◆ RECORDS FOR THIS TASK:
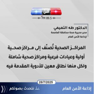 أكد مدير مديرية صحة محافظة العاصمة، الدكتور طه التميمي، على أن المراكز الصحية التابعة لوزارة الصحة تُصنّف إلى: مراكز صحية أولية، وعيادات فرعية، ومراكز صحية شاملة. ويتميز كل نوع منها بنطاق معين للأدوية المقدمة فيه، حيث تختلف قائمة الأدوية المقدمة في العيادات الفرعية عن تلك المتوفرة في المراكز الأولية، وتختلف كذلك عن الأدوية المتوفرة في المراكز الشاملة.
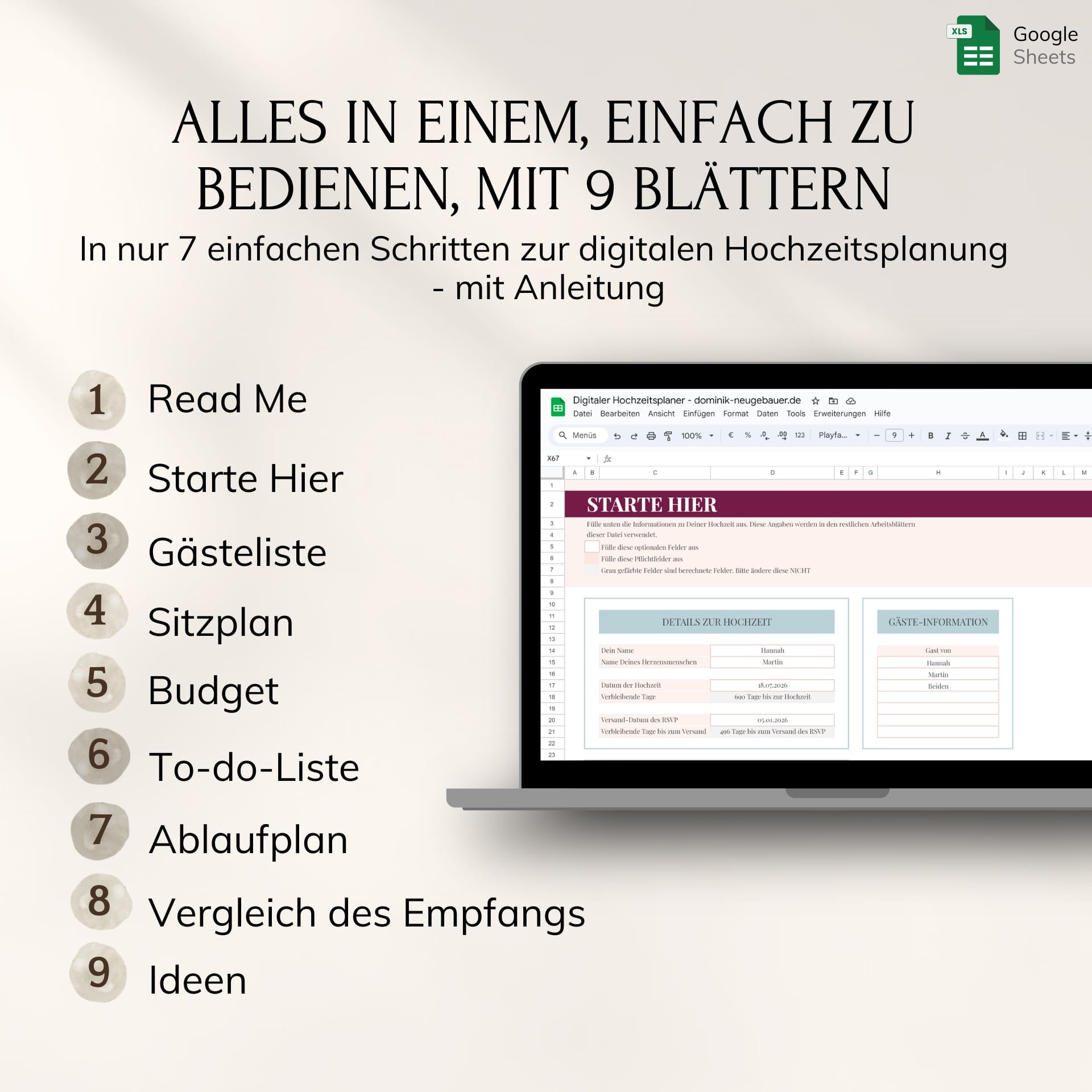 Deine Hochzeitsplanung kann ganz schön unübersichtlich werden. Gut zu wissen, dass Du hier alles an einem Ort hast – kompakt und digital, immer greifbar auf 9 Tabellenblättern.
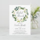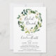 Os convites para brunch floral Elegantes apresentam uma coroa de rosas brancas e peonias de cor aquosa com folhas e folhagem botânica verde-luxuosa, cercando o "chá de panela" em letra chic manuscrita. Personalize com seus detalhes de brunch.
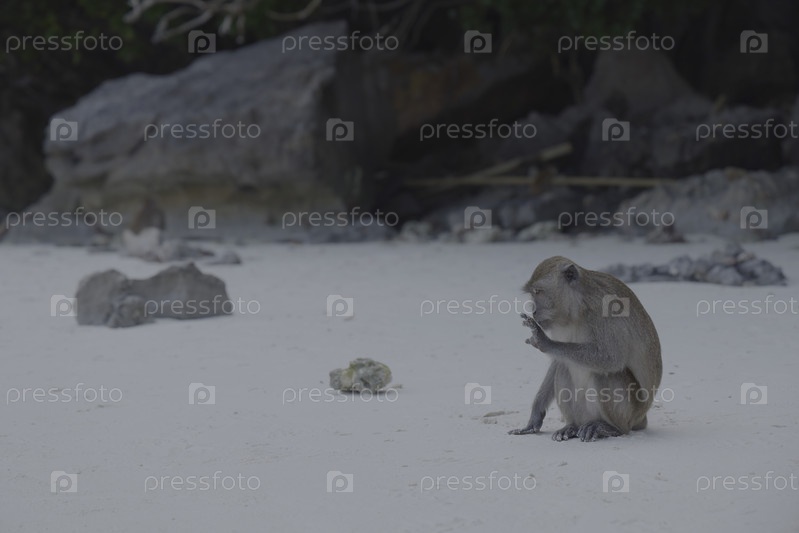 Одинокая обезьяна оказалась на тихом пляже, где царят спокойствие и безмятежность
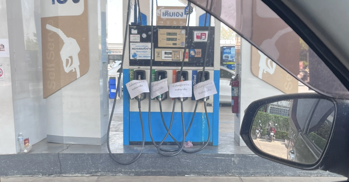 เพื่อพิสูจน์ข้อเท็จจริง ทีมงานของเราได้ตัดสินใจขับรถลงพื้นที่เพื่ออัปเดตสถานการณ์จริงบนหน้าลาน โดยเริ่มต้นเกาะติดเส้นทางจากสถานีบริการ ปตท. พัฒนาการ ขับเรื่อยยาวไปจนถึงโซนประเวศ และทะลุออกไปยังเส้นสุขาภิบาล ผลลัพธ์ที่ปรากฏต่อสายตาคือความชะงักงันของระบบค้าปลีกพลังงาน สถานีบริการแบรนด์หลักเกือบทุกแห่งมีสภาพเงียบเหงาผิดปกติ กรวยยางสีส้มถูกนำมาตั้งสกัดขวางทางเข้าออกทุกช่องทาง พร้อมกับข้อความประกาศว่า มันหมดรอข่นส่งมาเติม ถังเก็บใต้ดินถูกสูบออกไปจนเกลี้ยง และต้องระงับการให้บริการชั่วคราว
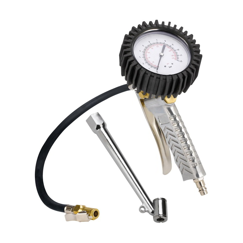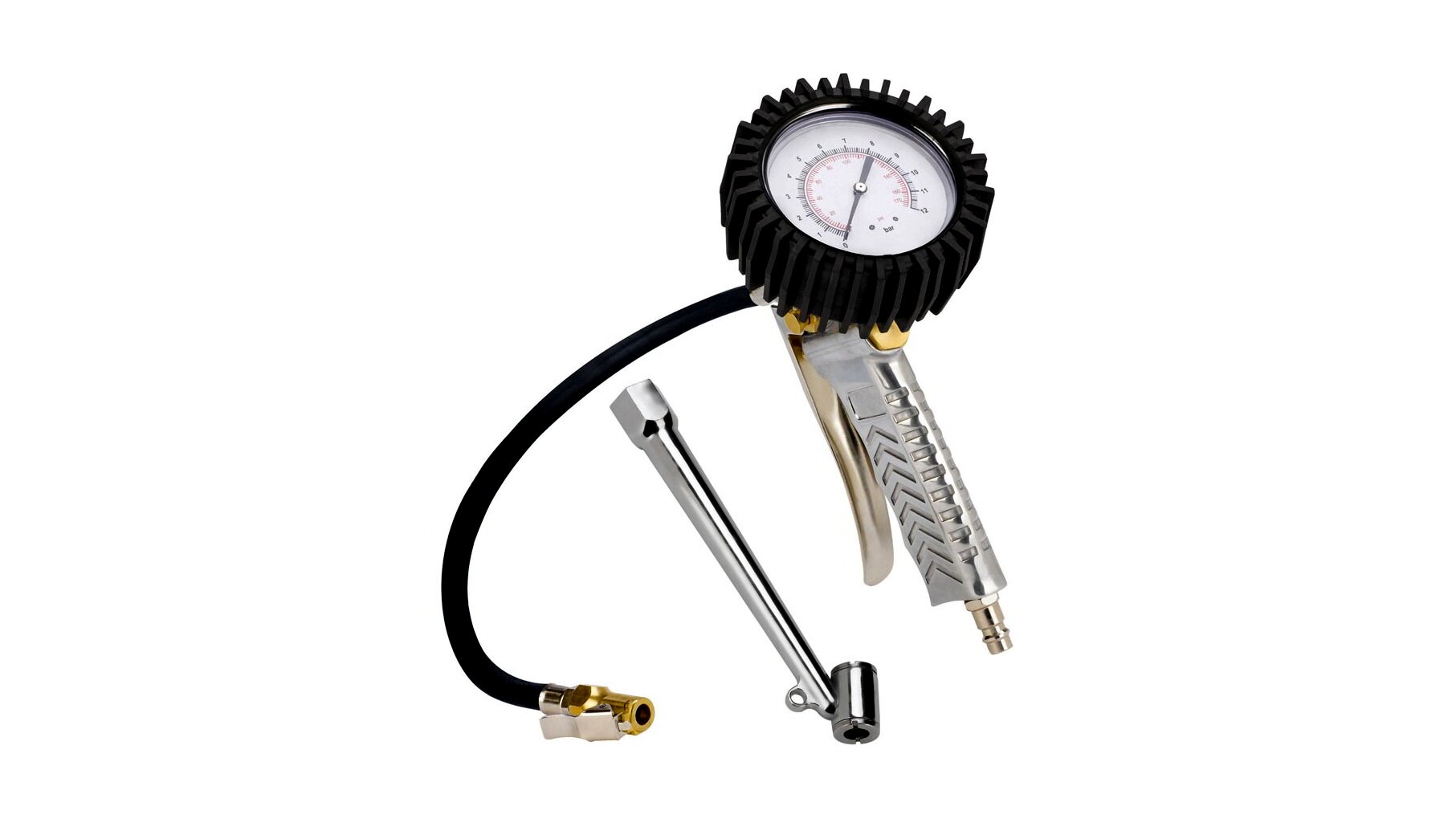 A Profi gumiabroncs nyomásmérő nélkülözhetetlen segítség az abroncsok nyomásának ellenőrzéséhez és felfújásához. A robusztus tartozékon található manométerről mindig leolvashatja az aktuális nyomást. A leeresztőszelep segítségével pontosan lecsökkentheti a nyomást a kívánt szintre. A szériatartozékként mellékelt, ikercsatlakozóval ellátott abroncsoltöltő adapter megkönnyíti az autók gumiabroncsainak felfújását.
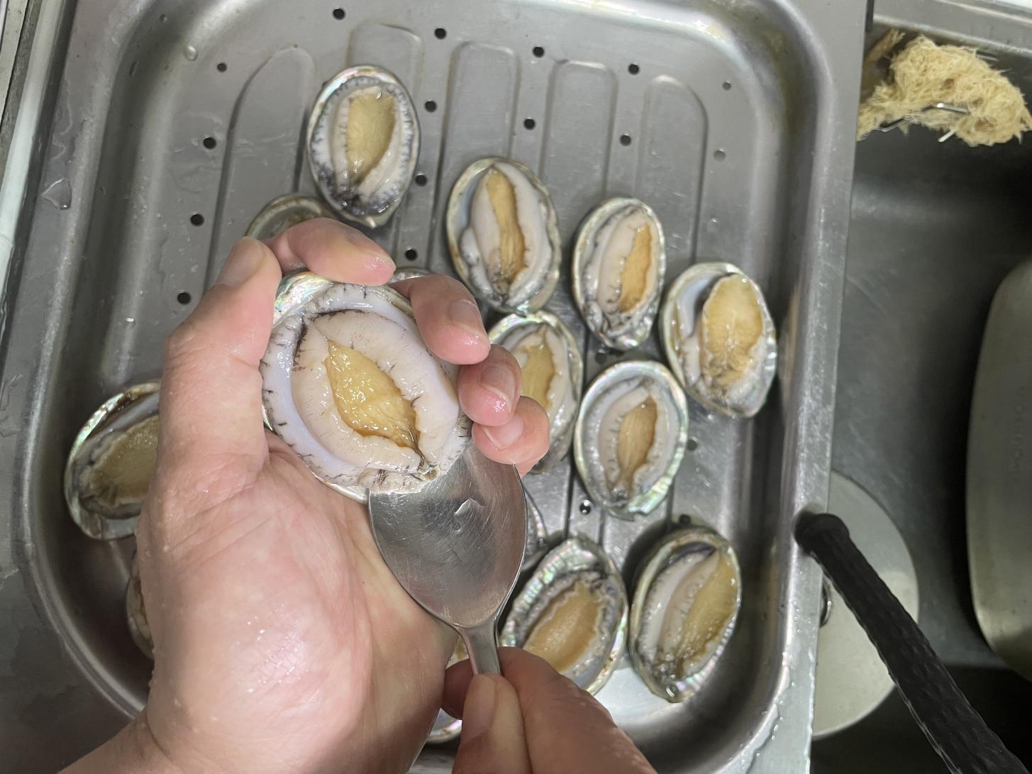 그다음으로는 껍데기와 분리를 해야 하는데요. 숟가락으로 이빨 아래 부분을 밀어 넣으면 분리됩니다. 조개처럼 관자 같은 게 껍데기와 붙어있어요. 그 부분만 숟가락으로 밀어서 잘라내면 돼요. 전복 껍데기에 손 다치지 않도록 조심하세요.
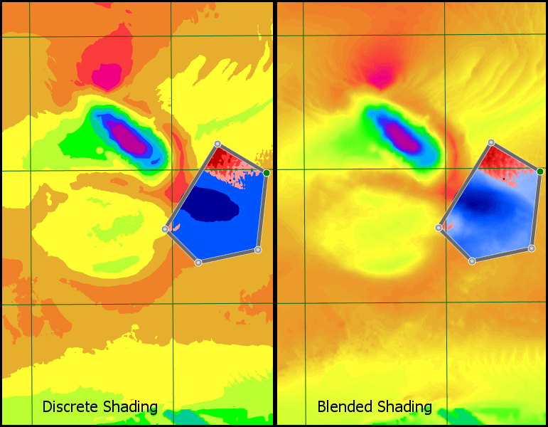 Shading ⑥ - There are two different shading options: Discrete and Blended. With Discrete shading, colours are not blended, resulting in discrete blocks of the same colour. When Blended is selected, the surface is shaded by smoothly interpolating between the colours in the colour table. See the image below for an illustration of the difference between these two shading modes.
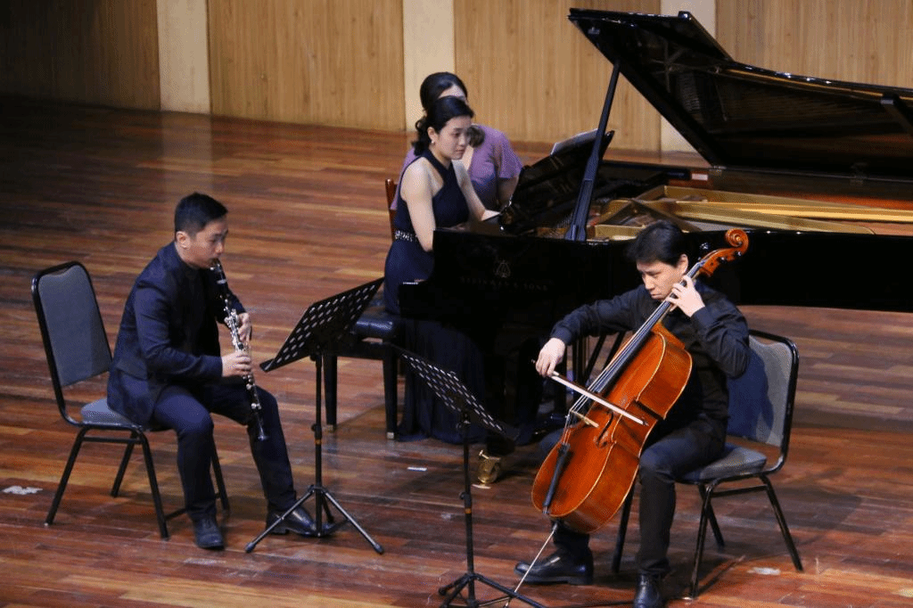 第一首由首都师范大学硕士研究生导师王英男(单簧管)、大提琴讲师徐沛、钢琴系副教授孙晓雪带来的《单簧管、大提琴、铜琴三重奏op.114》是勃拉姆斯晚期作品代表作之一。这部作采用A调单簧管演奏,予以更好的体现作品中忧郁深邃的意境。共四个乐章,第一乐章的主题动机在各段落中的延伸、衍变与发展,以及节拍重音的转换与声部间交错的手法,都造成了勃拉姆斯音乐所特有的紧张、忧伤和内在的动力。
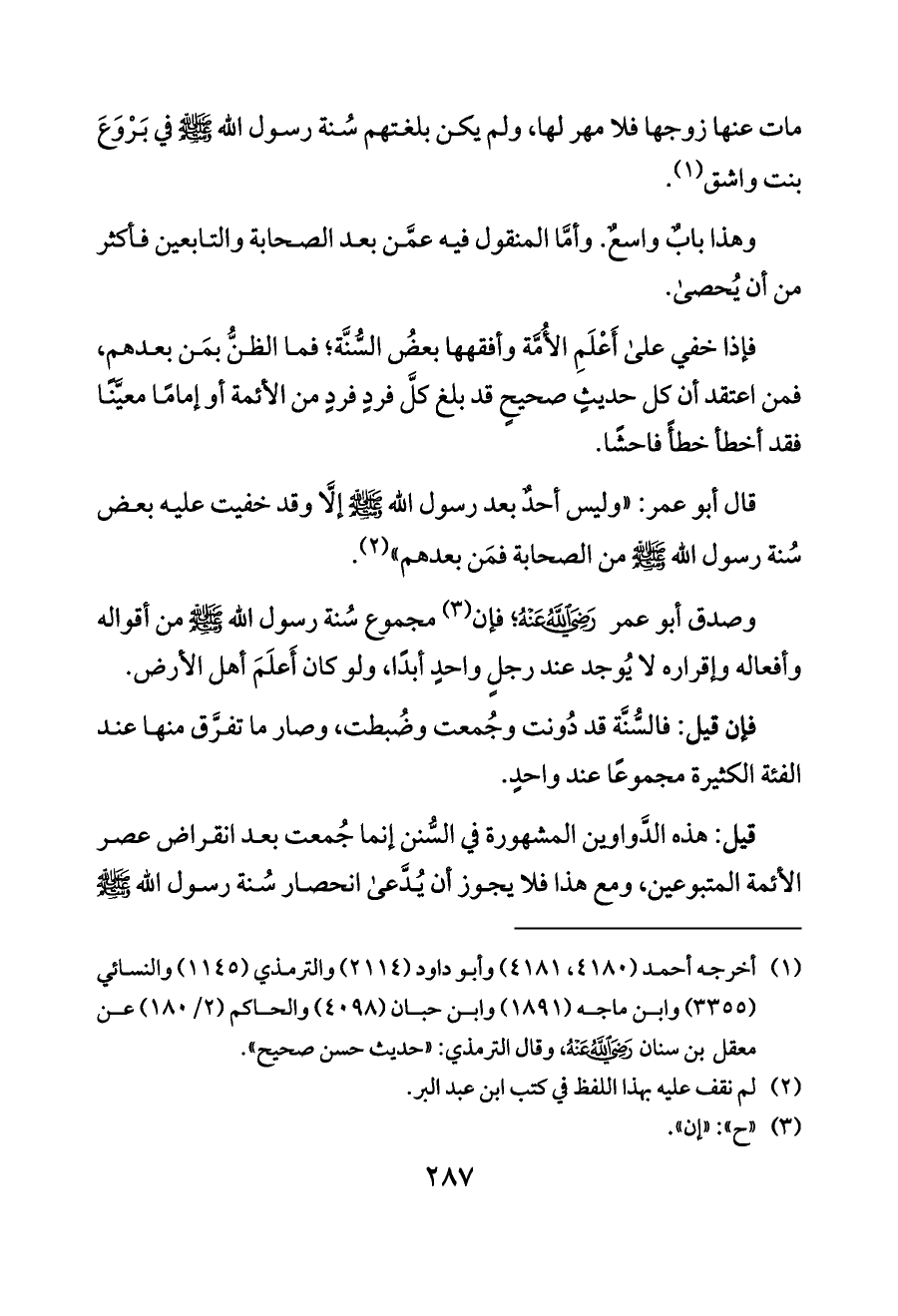 قال أبو عمر: «وليس أحدٌ بعد رسول الله - صلى الله عليه وسلم - إلَّا وقد خفيت عليه بعض سُنة رسول الله - صلى الله عليه وسلم - من الصحابة فمَن بعدهم» (¬٢).

◆ WHAT THIS TASK INVOLVES: Leaving all pictures aside, quote each record exactly.

◆ OUTPUT OF THE EXERCISE:
 أكد مدير مديرية صحة محافظة العاصمة، الدكتور طه التميمي، على أن المراكز الصحية التابعة لوزارة الصحة تُصنّف إلى: مراكز صحية أولية، وعيادات فرعية، ومراكز صحية شاملة. ويتميز كل نوع منها بنطاق معين للأدوية المقدمة فيه، حيث تختلف قائمة الأدوية المقدمة في العيادات الفرعية عن تلك المتوفرة في المراكز الأولية، وتختلف كذلك عن الأدوية المتوفرة في المراكز الشاملة.
 Deine Hochzeitsplanung kann ganz schön unübersichtlich werden. Gut zu wissen, dass Du hier alles an einem Ort hast – kompakt und digital, immer greifbar auf 9 Tabellenblättern.
 Os convites para brunch floral Elegantes apresentam uma coroa de rosas brancas e peonias de cor aquosa com folhas e folhagem botânica verde-luxuosa, cercando o "chá de panela" em letra chic manuscrita. Personalize com seus detalhes de brunch.
 Одинокая обезьяна оказалась на тихом пляже, где царят спокойствие и безмятежность
 เพื่อพิสูจน์ข้อเท็จจริง ทีมงานของเราได้ตัดสินใจขับรถลงพื้นที่เพื่ออัปเดตสถานการณ์จริงบนหน้าลาน โดยเริ่มต้นเกาะติดเส้นทางจากสถานีบริการ ปตท. พัฒนาการ ขับเรื่อยยาวไปจนถึงโซนประเวศ และทะลุออกไปยังเส้นสุขาภิบาล ผลลัพธ์ที่ปรากฏต่อสายตาคือความชะงักงันของระบบค้าปลีกพลังงาน สถานีบริการแบรนด์หลักเกือบทุกแห่งมีสภาพเงียบเหงาผิดปกติ กรวยยางสีส้มถูกนำมาตั้งสกัดขวางทางเข้าออกทุกช่องทาง พร้อมกับข้อความประกาศว่า มันหมดรอข่นส่งมาเติม ถังเก็บใต้ดินถูกสูบออกไปจนเกลี้ยง และต้องระงับการให้บริการชั่วคราว
 A Profi gumiabroncs nyomásmérő nélkülözhetetlen segítség az abroncsok nyomásának ellenőrzéséhez és felfújásához. A robusztus tartozékon található manométerről mindig leolvashatja az aktuális nyomást. A leeresztőszelep segítségével pontosan lecsökkentheti a nyomást a kívánt szintre. A szériatartozékként mellékelt, ikercsatlakozóval ellátott abroncsoltöltő adapter megkönnyíti az autók gumiabroncsainak felfújását.
 그다음으로는 껍데기와 분리를 해야 하는데요. 숟가락으로 이빨 아래 부분을 밀어 넣으면 분리됩니다. 조개처럼 관자 같은 게 껍데기와 붙어있어요. 그 부분만 숟가락으로 밀어서 잘라내면 돼요. 전복 껍데기에 손 다치지 않도록 조심하세요.
 Shading ⑥ - There are two different shading options: Discrete and Blended. With Discrete shading, colours are not blended, resulting in discrete blocks of the same colour. When Blended is selected, the surface is shaded by smoothly interpolating between the colours in the colour table. See the image below for an illustration of the difference between these two shading modes.
 第一首由首都师范大学硕士研究生导师王英男(单簧管)、大提琴讲师徐沛、钢琴系副教授孙晓雪带来的《单簧管、大提琴、铜琴三重奏op.114》是勃拉姆斯晚期作品代表作之一。这部作采用A调单簧管演奏,予以更好的体现作品中忧郁深邃的意境。共四个乐章,第一乐章的主题动机在各段落中的延伸、衍变与发展,以及节拍重音的转换与声部间交错的手法,都造成了勃拉姆斯音乐所特有的紧张、忧伤和内在的动力。
 قال أبو عمر: «وليس أحدٌ بعد رسول الله - صلى الله عليه وسلم - إلَّا وقد خفيت عليه بعض سُنة رسول الله - صلى الله عليه وسلم - من الصحابة فمَن بعدهم» (¬٢).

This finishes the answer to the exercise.